Por Sierra
Tão certo como a sucessão dos dias e das noites é o grande movimento de pessoas que em todos os verões se deslocam para os principais balneários do país; movimento esse que costuma duplicar, triplicar e, às vezes, até quadruplicar a população do lugar; e essa costumeiramente chamada de "população flutuante", porque não é moradora fixa e apenas sazonal, provoca toda sorte de transtornos no cotidiano das localidades onde temporariamente ela se instala.
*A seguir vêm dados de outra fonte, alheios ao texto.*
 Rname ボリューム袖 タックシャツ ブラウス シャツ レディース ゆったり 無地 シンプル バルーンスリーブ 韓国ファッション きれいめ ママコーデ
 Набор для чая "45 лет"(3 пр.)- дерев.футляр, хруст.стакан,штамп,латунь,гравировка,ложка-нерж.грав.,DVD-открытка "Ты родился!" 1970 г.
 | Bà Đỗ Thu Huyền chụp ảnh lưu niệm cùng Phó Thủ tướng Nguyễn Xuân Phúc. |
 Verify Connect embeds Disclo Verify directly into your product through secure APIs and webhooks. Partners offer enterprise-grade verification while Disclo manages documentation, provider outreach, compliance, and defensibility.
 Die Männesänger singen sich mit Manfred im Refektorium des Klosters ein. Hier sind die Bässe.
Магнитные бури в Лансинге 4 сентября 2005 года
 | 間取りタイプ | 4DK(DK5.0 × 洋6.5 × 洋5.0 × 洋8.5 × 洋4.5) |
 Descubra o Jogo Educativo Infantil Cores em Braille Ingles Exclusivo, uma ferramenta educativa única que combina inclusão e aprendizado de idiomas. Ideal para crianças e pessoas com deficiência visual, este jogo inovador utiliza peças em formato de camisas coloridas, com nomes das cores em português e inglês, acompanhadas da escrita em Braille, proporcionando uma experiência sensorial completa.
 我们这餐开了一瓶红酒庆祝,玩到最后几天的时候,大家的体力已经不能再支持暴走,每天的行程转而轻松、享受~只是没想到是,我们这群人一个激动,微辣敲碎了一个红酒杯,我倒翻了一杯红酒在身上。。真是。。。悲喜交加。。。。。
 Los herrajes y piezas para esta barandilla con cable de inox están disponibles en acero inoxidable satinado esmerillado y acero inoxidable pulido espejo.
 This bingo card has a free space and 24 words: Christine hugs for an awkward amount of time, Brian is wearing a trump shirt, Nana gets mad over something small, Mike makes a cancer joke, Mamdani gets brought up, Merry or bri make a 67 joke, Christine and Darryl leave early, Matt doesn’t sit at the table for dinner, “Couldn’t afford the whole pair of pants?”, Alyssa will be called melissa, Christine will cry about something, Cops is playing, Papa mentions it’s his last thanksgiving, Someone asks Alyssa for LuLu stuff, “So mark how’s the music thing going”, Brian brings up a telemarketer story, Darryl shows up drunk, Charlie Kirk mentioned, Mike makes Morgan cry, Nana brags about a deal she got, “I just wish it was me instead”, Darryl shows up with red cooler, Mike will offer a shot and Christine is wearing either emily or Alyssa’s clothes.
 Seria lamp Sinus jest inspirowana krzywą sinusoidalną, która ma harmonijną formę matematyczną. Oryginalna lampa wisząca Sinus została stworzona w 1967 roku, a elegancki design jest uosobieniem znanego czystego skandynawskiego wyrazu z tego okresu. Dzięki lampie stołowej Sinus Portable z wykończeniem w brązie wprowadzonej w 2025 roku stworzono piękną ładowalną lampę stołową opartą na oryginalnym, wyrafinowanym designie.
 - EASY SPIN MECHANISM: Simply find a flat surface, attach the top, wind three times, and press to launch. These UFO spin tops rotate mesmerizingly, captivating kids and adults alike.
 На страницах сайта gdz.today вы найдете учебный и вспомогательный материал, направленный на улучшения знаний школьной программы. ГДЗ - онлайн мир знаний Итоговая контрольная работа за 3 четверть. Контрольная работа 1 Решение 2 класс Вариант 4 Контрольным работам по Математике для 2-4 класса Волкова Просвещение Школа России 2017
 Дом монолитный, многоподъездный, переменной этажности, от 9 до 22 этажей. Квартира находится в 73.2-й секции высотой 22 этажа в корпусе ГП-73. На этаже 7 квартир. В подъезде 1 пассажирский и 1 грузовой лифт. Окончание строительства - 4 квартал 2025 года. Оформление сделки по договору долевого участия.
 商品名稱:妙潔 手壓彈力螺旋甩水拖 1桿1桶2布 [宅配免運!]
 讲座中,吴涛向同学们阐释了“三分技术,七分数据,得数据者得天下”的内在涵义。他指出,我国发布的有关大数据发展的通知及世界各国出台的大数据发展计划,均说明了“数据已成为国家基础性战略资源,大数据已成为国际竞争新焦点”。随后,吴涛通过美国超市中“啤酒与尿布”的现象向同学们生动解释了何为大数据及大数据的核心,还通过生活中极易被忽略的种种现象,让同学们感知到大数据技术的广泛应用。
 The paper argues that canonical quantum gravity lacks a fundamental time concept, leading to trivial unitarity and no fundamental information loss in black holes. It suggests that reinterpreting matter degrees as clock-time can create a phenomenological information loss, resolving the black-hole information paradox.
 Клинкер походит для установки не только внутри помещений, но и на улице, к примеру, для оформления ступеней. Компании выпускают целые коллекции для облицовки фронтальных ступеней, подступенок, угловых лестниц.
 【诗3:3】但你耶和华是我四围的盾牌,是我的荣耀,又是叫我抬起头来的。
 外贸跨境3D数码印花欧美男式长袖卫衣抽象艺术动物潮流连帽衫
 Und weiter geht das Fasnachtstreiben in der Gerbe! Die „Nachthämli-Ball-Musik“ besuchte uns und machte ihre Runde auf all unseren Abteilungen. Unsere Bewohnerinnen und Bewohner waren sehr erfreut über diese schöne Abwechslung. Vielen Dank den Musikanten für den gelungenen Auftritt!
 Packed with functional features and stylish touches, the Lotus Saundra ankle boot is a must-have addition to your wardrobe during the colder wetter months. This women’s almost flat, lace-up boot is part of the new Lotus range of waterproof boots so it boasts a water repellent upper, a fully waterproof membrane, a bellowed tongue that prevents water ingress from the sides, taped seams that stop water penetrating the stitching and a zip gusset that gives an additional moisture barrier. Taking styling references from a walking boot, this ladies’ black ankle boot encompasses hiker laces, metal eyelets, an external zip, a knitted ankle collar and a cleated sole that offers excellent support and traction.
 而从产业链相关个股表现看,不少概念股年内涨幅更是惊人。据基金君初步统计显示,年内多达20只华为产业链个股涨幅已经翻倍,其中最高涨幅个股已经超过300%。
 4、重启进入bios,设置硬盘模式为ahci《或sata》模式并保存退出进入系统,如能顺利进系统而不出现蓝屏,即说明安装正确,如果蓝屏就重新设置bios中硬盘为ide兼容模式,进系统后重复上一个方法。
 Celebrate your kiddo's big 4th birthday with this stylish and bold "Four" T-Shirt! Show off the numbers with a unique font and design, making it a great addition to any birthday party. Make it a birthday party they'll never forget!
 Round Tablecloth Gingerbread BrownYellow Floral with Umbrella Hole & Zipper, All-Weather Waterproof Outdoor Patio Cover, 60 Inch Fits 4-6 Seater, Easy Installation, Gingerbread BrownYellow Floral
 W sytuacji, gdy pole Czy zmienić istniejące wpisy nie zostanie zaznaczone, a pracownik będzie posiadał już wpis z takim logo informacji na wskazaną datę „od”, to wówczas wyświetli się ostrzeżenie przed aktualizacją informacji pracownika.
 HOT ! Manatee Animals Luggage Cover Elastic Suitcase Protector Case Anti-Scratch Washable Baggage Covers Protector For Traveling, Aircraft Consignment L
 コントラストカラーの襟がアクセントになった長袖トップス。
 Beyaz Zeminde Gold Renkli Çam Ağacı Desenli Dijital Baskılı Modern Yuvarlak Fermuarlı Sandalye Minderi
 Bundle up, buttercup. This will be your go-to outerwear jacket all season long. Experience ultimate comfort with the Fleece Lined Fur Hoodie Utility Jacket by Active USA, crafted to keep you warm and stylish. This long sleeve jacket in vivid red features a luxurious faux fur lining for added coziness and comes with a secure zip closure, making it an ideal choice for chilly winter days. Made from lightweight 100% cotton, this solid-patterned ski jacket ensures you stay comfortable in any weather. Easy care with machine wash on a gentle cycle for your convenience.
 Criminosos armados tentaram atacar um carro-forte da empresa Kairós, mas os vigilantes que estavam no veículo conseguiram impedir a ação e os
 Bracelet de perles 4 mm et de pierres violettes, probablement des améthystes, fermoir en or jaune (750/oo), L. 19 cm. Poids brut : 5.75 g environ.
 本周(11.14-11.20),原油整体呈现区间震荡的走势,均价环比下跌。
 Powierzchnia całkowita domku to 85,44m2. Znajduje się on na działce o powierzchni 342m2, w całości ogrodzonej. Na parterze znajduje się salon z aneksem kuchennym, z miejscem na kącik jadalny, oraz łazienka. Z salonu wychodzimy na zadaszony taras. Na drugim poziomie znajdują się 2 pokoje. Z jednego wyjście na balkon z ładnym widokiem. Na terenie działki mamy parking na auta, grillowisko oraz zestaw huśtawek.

E quais são esses transtornos? Do congestionamento do tráfego de veículos passando pela problemática do abastecimento de água e pelas quedas no fornecimento de energia elétrica até a quantidade muito maior de lixo que se acumula aqui e ali e que sobrecarrega o serviço de coleta mantido pelas Prefeituras Municipais. E quem mais costuma sofrer com esses problemas são os moradores dessas cidades, porque passam mais dias sem ver água nas torneiras, convivem com apagões mais frequentes por causa da alta demanda e têm de conviver com o intervalo mais longo para que o lixo seja recolhido. E quando eu digo que quem mais sofre com esses infortúnios são os moradores é porque o visitante tem a opção de cair fora dali, caso a situação chegue a um ponto crítico, e os moradores não.
Muito embora esteja há pelo menos duas décadas sofrendo de forma contundente com os efeitos de uma realidade de abandono no que diz respeito ao empenho do Governo do Estado em promovê-la turisticamente e com a inépcia de sucessivas administrações municipais que, ao que parece, só trataram de fazer da Prefeitura cabide de emprego para apoiadores e financiadores de campanhas eleitorais, a Ilha de Itamaracá, a ilha-cidade da Região Metropolitana do Recife permanece sendo, apesar do fechamento de hotéis e pousadas, da infraestrutura precária e da supressão de vários eventos culturais e náuticos que nela ocorriam, um balneário muito procurado por indivíduos de baixa renda e da classe média baixa.
E essa procura tem um custo elevado para a ilha-cidade. Vê-se a proliferação de loteamentos de terrenos e o erguimento de construções de imóveis comerciais e residenciais que parecem não ser fiscalizados pela Municipalidade. E crescem a olhos vistos as invasões de áreas ao longo das rodovias, favelizando a ilha-cidade que segue como se fosse uma terra de ninguém.
A rodovia conhecida como Estrada do Forte é, a meu ver, um resumo do muito de ruim que marca o conceito de urbanização que vem há muitos anos imperando na ilha-cidade. O morador dessa localidade depara-se com um quadro deprimente e lamentável todas as vezes que percorre o caminho; e o visitante atento certamente tem a mesma visão da degradação e do desleixo que pontuam a estrada em ambos os lados dela. São invasões de terrenos com construções dos mais variados tipos; desrespeito ao distanciamento que deve haver entre a rodovia e a construção do edifício - o caso mais absurdo dessa situação é o de uma moradia que tem um puxadinho que vai até a beira do asfalto; e o proprietário, achando pouco, ainda coloca cones lá -; lixo depositado em várias esquinas; partes da estrada esburacadas; e um descaso quase que total às regras urbanísticas da Prefeitura Municipal, se é que elas realmente existem - outro exemplo do "eu posso tudo" imperante por ali: um sujeito tapou, a seu bel-prazer, a tubulação de um bueiro, com certeza pensando que ninguém da Municipalidade apareceria para importuná-lo e dizer que o que ele fez não poderia ter sido feito; e ficou por isso mesmo.
A impressão que me dá, eu que moro há mais de vinte anos na Ilha de Itamaracá, é de que a ilha-cidade é inimiga ferrenha do progresso e da civilidade. Só sendo. Só sendo assim para explicar por que obras municipais se encontram paradas, como as que se veem no bairro Rio Âmbar - uma escola e uma creche -; a Municipalidade permite a ocupação desordenada do espaço público; não se veem projetos visando ao melhoramento e ao engrandecimento do lugar; e as coisas, em geral, seguem como que num descompasso com o urbanismo que se propõe a melhorar as condições da cidade e, por conseguinte, a vida dos seus moradores, porque uma cidade é essencialmente constituída e formada para bem abrigar os que residem nela.
Muitos anos atrás eu escrevi algo que quero repetir agora porque a mim me parece que, transcorrido tanto tempo, é uma sentença que continua sendo muitíssimo válida, principalmente quando se leva em conta e se compreende e se constata que muitos indivíduos ingressam na esfera pública da gestão municipal não para melhorar as condições estruturais e socioeconômicas da ilha-cidade e sim para melhorar as suas próprias vidas: Itamaracá é uma ilha da qual vem sendo subtraídos todos os seus tesouros.